Wednesday, December 11, 2019

NSW Bush Fires - Any Climate signal? Not really

There seems to be a bit of hysteria about the NSW Bushfires at the moment. People starting to blame climate change as always for this years intense fire season.

Not sure why. The IPCC has been pretty clear that there is only medium confidence that fire weather is increasing as a result of climate change. When you think that bush fires are dependent on a whole host of factors (fire weather, humidity, precipitation, human activity, wind) and only one of those is really degraded by climate change, it doesn't make sense.
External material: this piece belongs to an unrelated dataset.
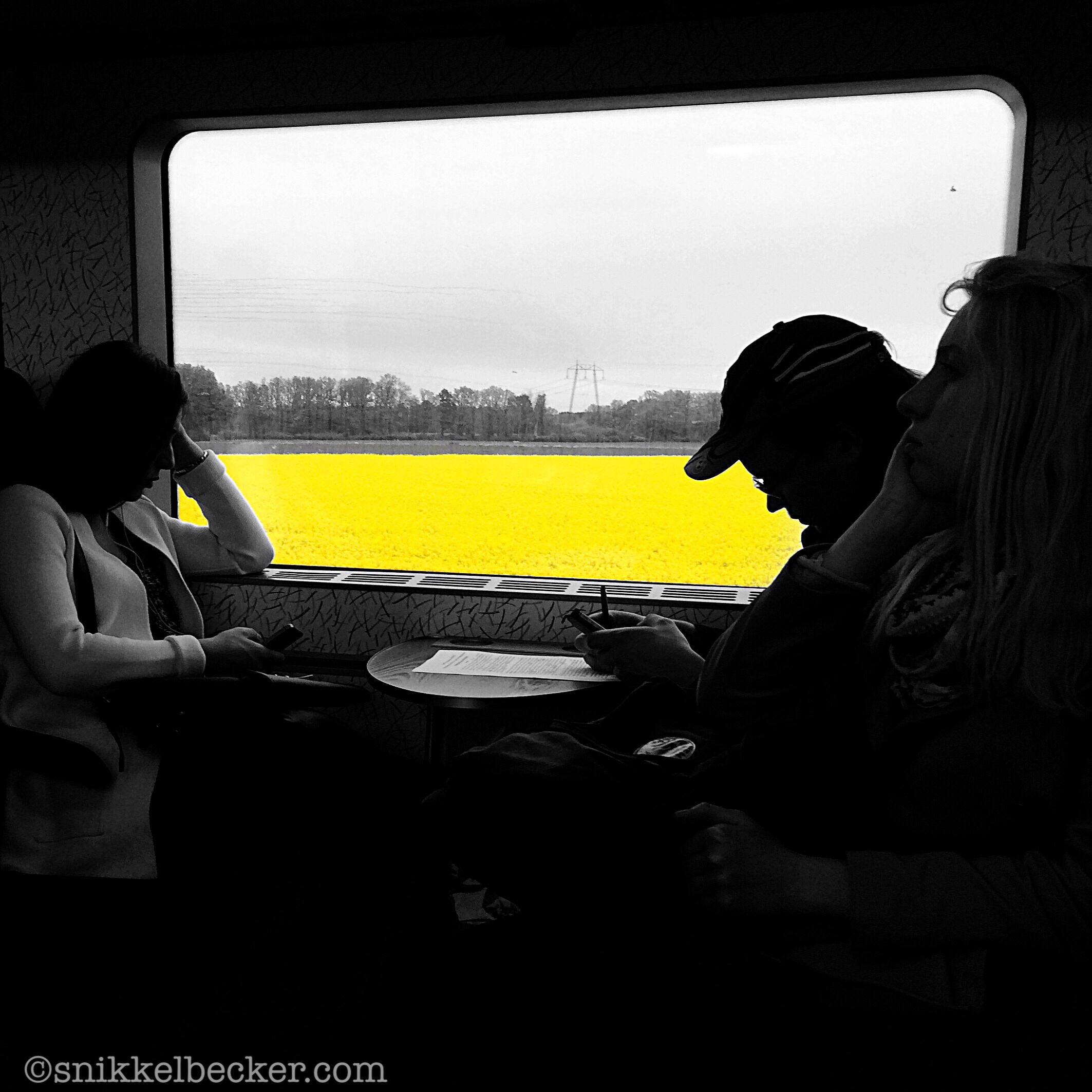 Kändisar, rookisar, upptagna säten, smidiga datorer, klumpiga resväskor i giftigt plast. Blickar, leenden, komiska stycken, ovälkomna knuffar och charmiga möten. Precis som i livet självt.

So I figured I would go to the stats and see if NSW bush fire activity has increased as a result of the increased temperatures. Using areas burnt as a proxy, and getting my data from the NSW RFS annual reports and NSW Parliament (https://apo.org.au/sites/default/files/resource-files/2014/06/apo-nid40238-1132401.pdf), I get the following data about bush fires since 1926.
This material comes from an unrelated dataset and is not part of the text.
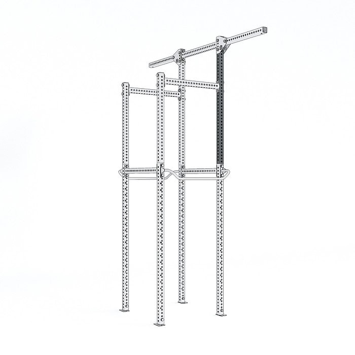support that can increase the height of the structure by allowing, in combination with the 9306 H.P. 1860 mm Beam, 9308 H.P. Low Adjustment, 9322 H.P. Suspension Beam and the 9323 H.P. Suspension Beam Plate, the use of Climbing Rings and Ropes (cod. 1204-1206).

Just from the stats, it looks like the years fires are no unprecendented, and that the fires of 1952 in NSW far outweigh the recent activity. So much of climate change hysteria is memory failure.

There IS a trend increase detected of 1550 extra hectares per year (based on current 2019/2020 year of 2 million hectares burnt) but it is not statistically significant. See Regression of the trend output below



So no statistically significant change in Bushfire activity over close to 100 years (even though warming has increased)

To blame climate change for the recent NSW bushfire activity is again, bad science.